According to a recent study from CareerBuilder, skills gaps cost a company more than $800,000 per year. For clarity, the skills gap is commonly referred to as the frustrating rift between what candidates have to offer and what companies are looking for. This leads to perpetually-open jobs and frustrated candidates at a minimum, but it can also contribute to reduced productivity, higher turnover, and revenue loss. The research points out that companies are having trouble finding the right people to fill positions, and it’s an issue regardless of company size:

  • 1-50 employees: 49 percent
  • 51-250 employees: 74 percent
  • 251-500 employees: 72 percent
  • 501+ employees: 71 percent

The problem has been around for quite some time, and at a macro level, it’s not going away anytime soon.

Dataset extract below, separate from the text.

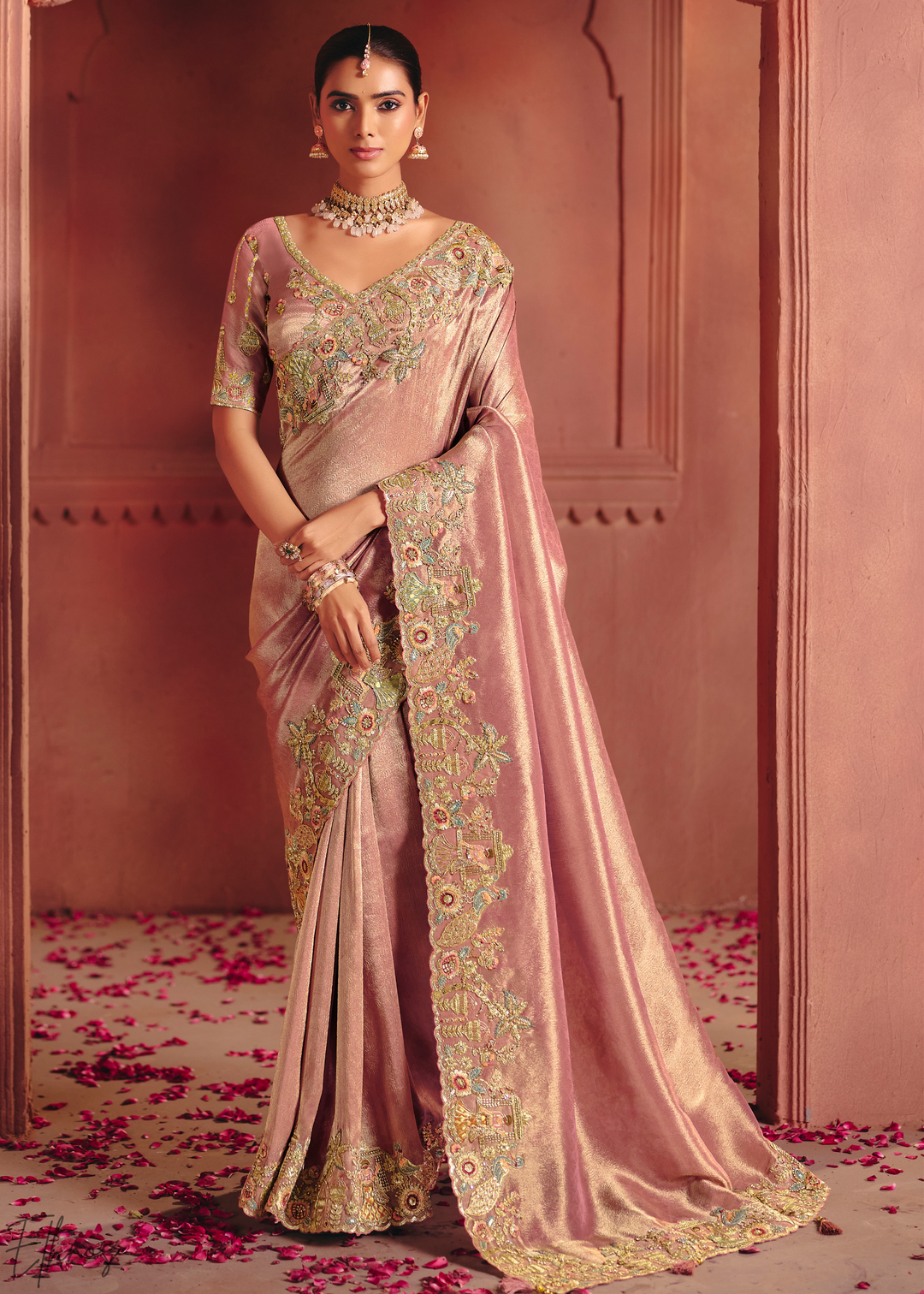 Dusty Peach Floral Resham Zari Silk Saree

On a company-specific level, there are activities that can help employers to not only understand their own skills gap, but to start filling it with internal and external talent.

Companies Aren’t Skills-Savvy

Even the discussion about a skills gap is somewhat misplaced, because these employers are focusing on jobs they can’t fill, not specific skill sets. And while we don’t advocate looking at employees purely as a set of skills under a biological disguise, it’s important to get comfortable with acknowledging what skills exist and how to leverage them. This focus on skills needs to be woven throughout the company’s talent practices:

  • Assessments: are you evaluating a generic set of criteria on each candidate, or are you examining the critical skills necessary for success in each role?
  • Selection: are your selection processes geared toward “gut instinct,” or hard skills measurements
  • Training: are you putting together yet another low-impact PowerPoint presentation, or are you seeking ways to develop the skills that create business value?
  • Recognition: are there processes in place to track progress and make employees feel that their efforts to acquire and demonstrate skills are recognized appropriately?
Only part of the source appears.